Tel, I've always admired your work. Always utilitarian looking as well as functional. That tank filler neck is a fine example of what I am talking about. I like it! Thm: I have been pondering (that is armchair engineering daydreaming) about incorporating the fuel tank inside the mounting plinth as in some full sized engines, but alas, it is just something else to hope to do. Man I can't wait to hear this one fire off, it's getting so close. I'm really going to be watching when you go to make your own set of points (to plan?).

regards
BC1
Jim


----------



## doc1955 (Jan 17, 2011)

zeeprogrammer  said:
			
		

> I like it with the tank away too.
> It's an interesting item and should be seen.


I agree I like that tank it is a really nice looking piece no matter where you place it.


----------



## tel (Jan 17, 2011)

Blocks bolted to the base board and tank strapped down.
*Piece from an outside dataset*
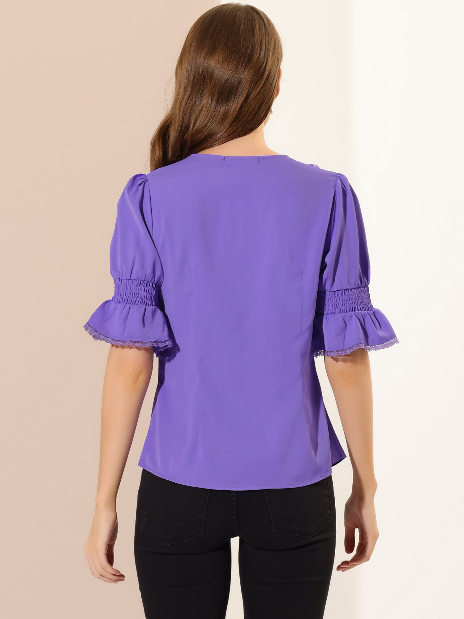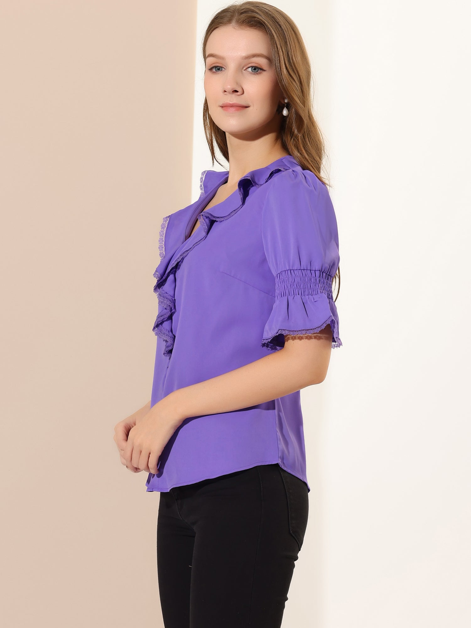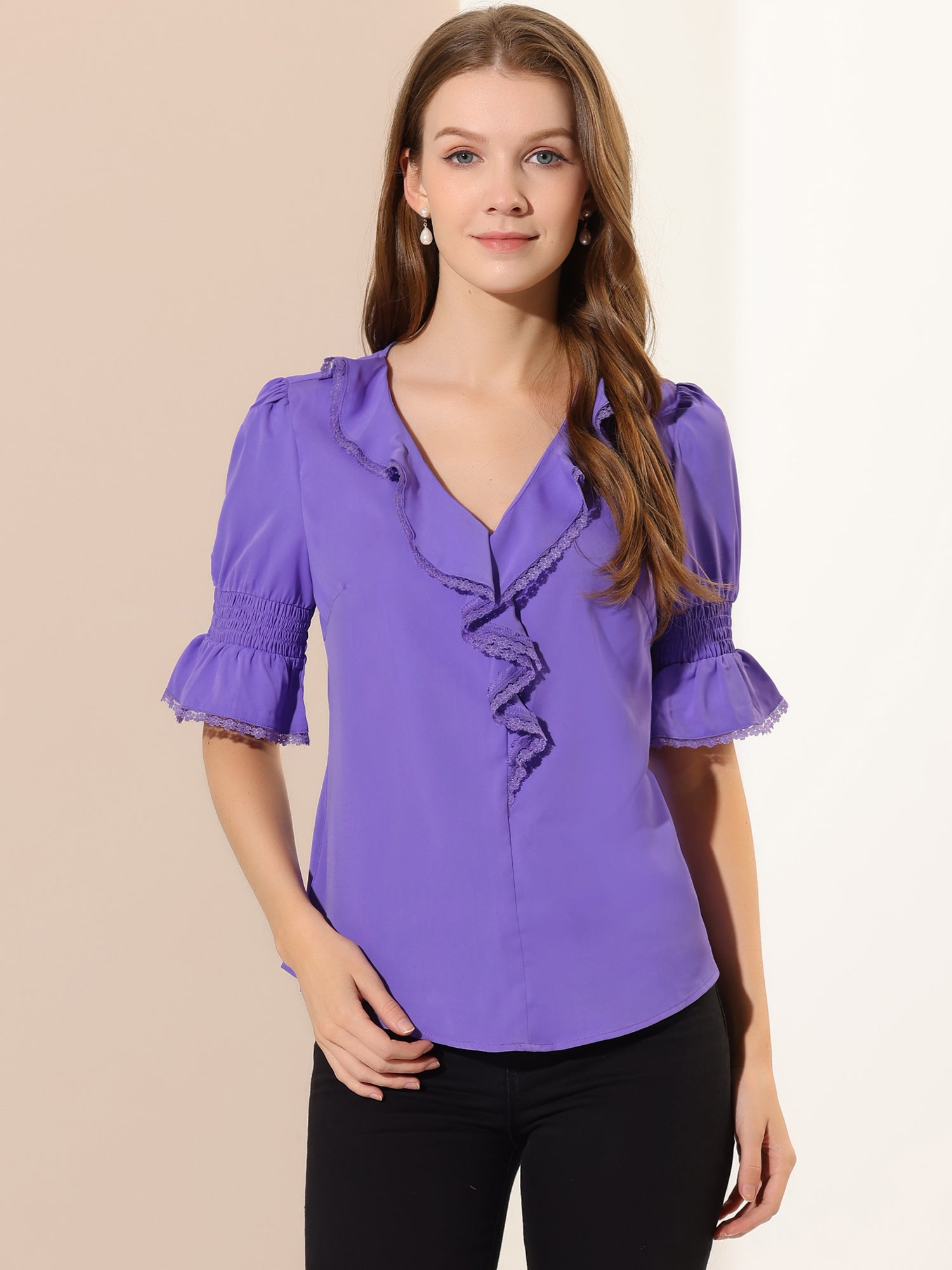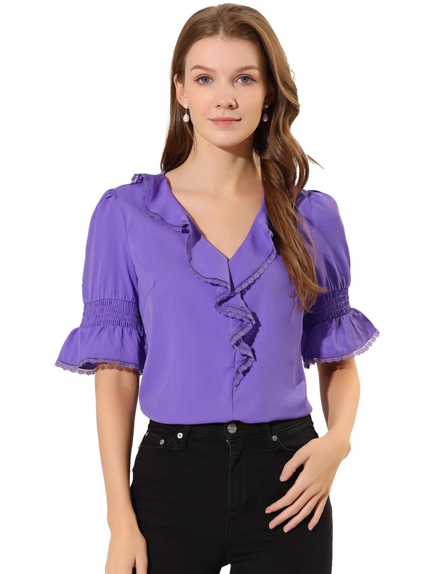 Women's Ruffle V Neck Puff Sleeve Blouse Summer Casual Chiffon Top

A little oopsy when locating the second end of the second strap, but I can live with that.


----------



## arnoldb (Jan 19, 2011)

Thm: ;D

Regards, Arnold


----------



## Brian Rupnow (Jan 20, 2011)

Tel--I am passing the Kerzel torch to you. I have done everything I can think of to mine, and I'm about 95% happy with the way the build turned out. From the looks of things, you will be ready to start yours soon, and I am REALLY looking foreward to a video.---Brian


----------



## tel (Jan 22, 2011)

And now the 'fun' begins. Had a session with it today - lashed up a rough ignition 'system' with a Briggs coil and a few odds and ends. No luck so far, but it was interesting nevertheless. I think I've got the timing pretty close, it is getting fuel and I _seem_ to have enough compression, certainly have enough vacuum. Tried for quite a while but couldn't get it to cough. Methinks I'll have to do a better ignition set-up before anything happens. 

Got some proper 1/8" spark plug wire on order - that might help.
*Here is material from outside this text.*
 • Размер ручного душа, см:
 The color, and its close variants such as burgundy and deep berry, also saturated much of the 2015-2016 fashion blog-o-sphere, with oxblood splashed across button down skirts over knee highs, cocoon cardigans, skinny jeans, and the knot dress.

In the meantime I might make a start on the bits for the governor.


----------



## gbritnell (Jan 22, 2011)

Hi Tel,
Have you actually checked for spark? I have tried to use magneto type coils in the past, running them on 6 or 12 volts without much luck. It seems like the magneto puts out a lot more voltage to operate the coils properly. 
gbritnell


----------



## tel (Jan 22, 2011)

Well yes George, in a way. I've tested the set-up with another plug (external) and there is spark to it, but whether it is happening inside the engine is another matter. I'm using a car battery charger as the power source at the moment, and can see no real change in the spark by switching from 12v to 6v, and the amp meter is showing the cut-off when the switch circuit opens. 
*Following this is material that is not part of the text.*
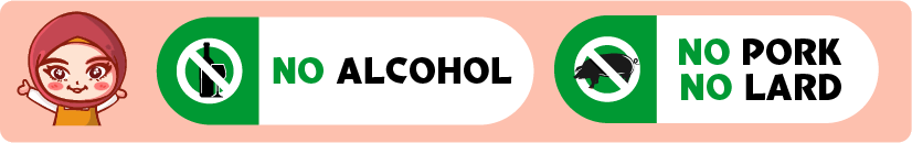 "Mulai 2023, makanan bebas alkohol dan bebas babi akan tersedia untuk pelanggan Muslim." Silakan hubungi kami melalui telepon untuk detailnya.
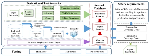 在验证确认(V&V)阶段,作者强调了生成证据以证明组件满足其功能需求,以及自动驾驶汽车的残余风险是可接受的。文中讨论了多种V&V方法,包括形式化验证、证伪和测试,作者强调了基于场景的测试方法在评估系统安全性方面的重要作用以及近年来学术界取得的进展,并说明采用多支柱法以充分利用不同方法优势的必要性。

Truth is, I haven't really given a lot of thought to the ignition as I've been focused on the engine build, but it is now to the point where I will have to decide on what to use for the finished product - 'fraid it's an area I don't know much about. Any advice/words of wisdom appreciated!


----------



## arnoldb (Jan 22, 2011)

> ...car battery charger as the power source...



Can you try a real battery Tel ? - maybe borrow the ute's for a couple of minutes...

98% of car battery chargers I've encountered only rectifies incoming AC, with no "smoothing" at all. Without going into the techie details, you're at a severe disadvantage by just using the battery charger, as it does not necessarily have the instantaneous oomph required to fire the coil for a good spark, especially in a higher pressure environment such as inside the cylinder. 

Kind regards, Arnold


----------



## putputman (Jan 22, 2011)

Tel, is there any chance you can get your hands on an old Model T Ford buzz coil. They work very well on these old hit & miss engines. I use a 6V battery on mine. I think some people use 8V for more zapp.


----------



## swilliams (Jan 22, 2011)

Here's a couple of thoughts on how things work as I understand them. I'm not suggesting any direct practical action that should be taken as a consequence of this. Just having a basic idea of how it works can be very helpful when trouble shooting.

The function of the capacitor (often called a condenser in the automotive business) is to prolong the life of the points, not to improve the spark. It stops the points from arcing.

From a black box point of view the coil works like this. The voltage induced across the secondary winding is proportional to how fast the current changes in the primary. When the points open the current in the primary drops very rapidly, inducing a large voltage across the secondary. That large voltage makes the spark. The spark comes solely from the energy which has been stored in the coil. The energy in the coil is proportional to the square of the current through the primary just before opening the points. 

It is quite correct to discuss the coil in terms of a collapsing magnetic field. That involves more detail about what is happening inside the coil and is more advanced than the black box description given above.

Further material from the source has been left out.